### MATERIAL SUPPLIED
·····

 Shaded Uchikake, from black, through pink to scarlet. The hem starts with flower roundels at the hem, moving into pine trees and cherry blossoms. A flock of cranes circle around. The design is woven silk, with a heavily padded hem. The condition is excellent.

·····

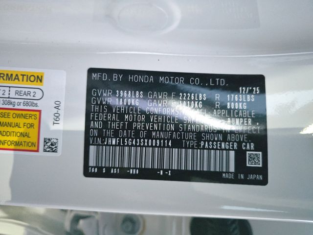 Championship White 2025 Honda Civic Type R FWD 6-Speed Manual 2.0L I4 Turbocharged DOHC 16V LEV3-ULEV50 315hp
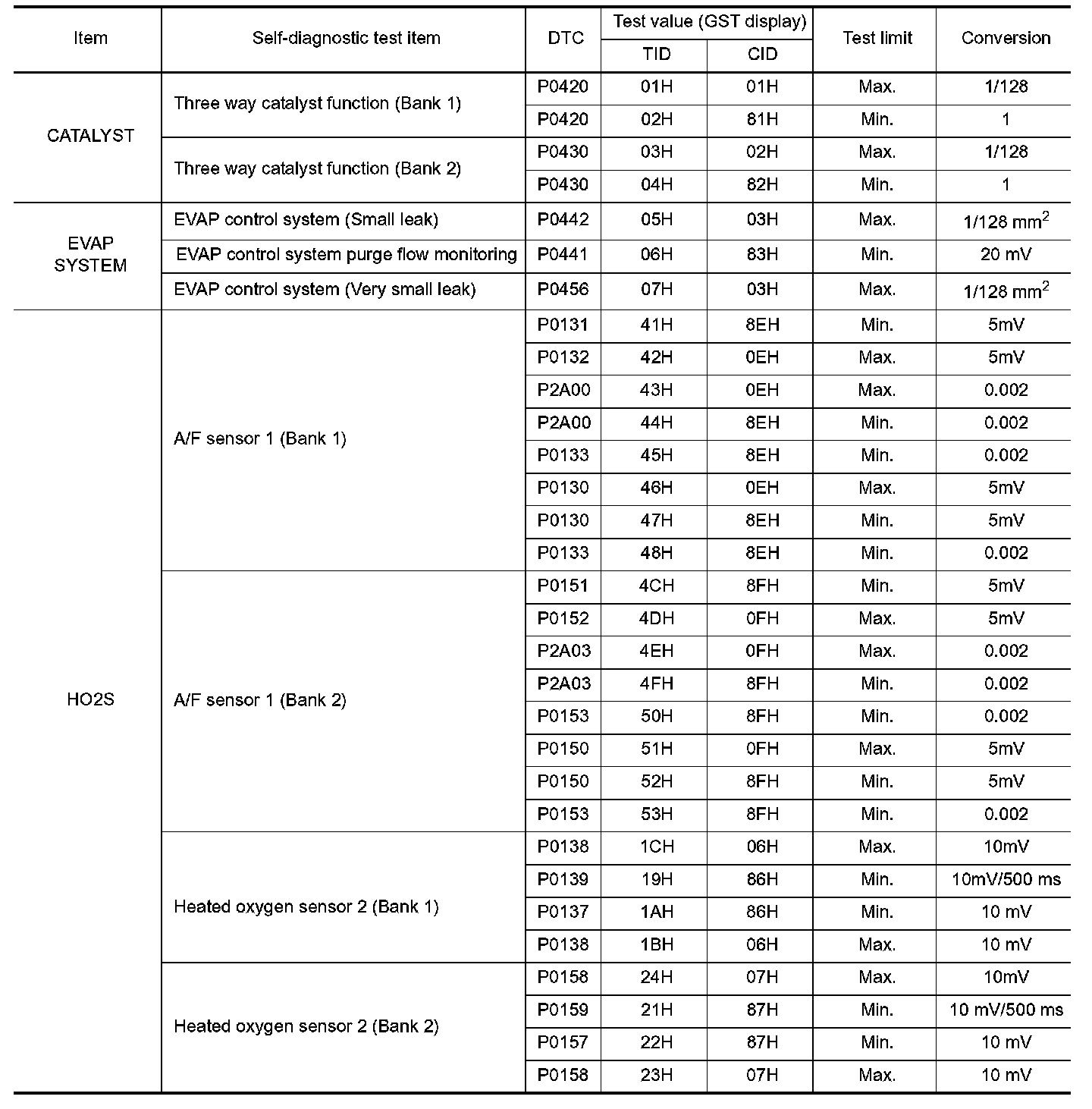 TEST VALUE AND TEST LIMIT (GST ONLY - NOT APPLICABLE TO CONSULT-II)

·····

Print the line above containing "Championship White 2025", the line containing "TEST VALUE AND", and everything between them, exactly as written. Pictures stay out.

### COMPLETED TASK
 Championship White 2025 Honda Civic Type R FWD 6-Speed Manual 2.0L I4 Turbocharged DOHC 16V LEV3-ULEV50 315hp
 TEST VALUE AND TEST LIMIT (GST ONLY - NOT APPLICABLE TO CONSULT-II)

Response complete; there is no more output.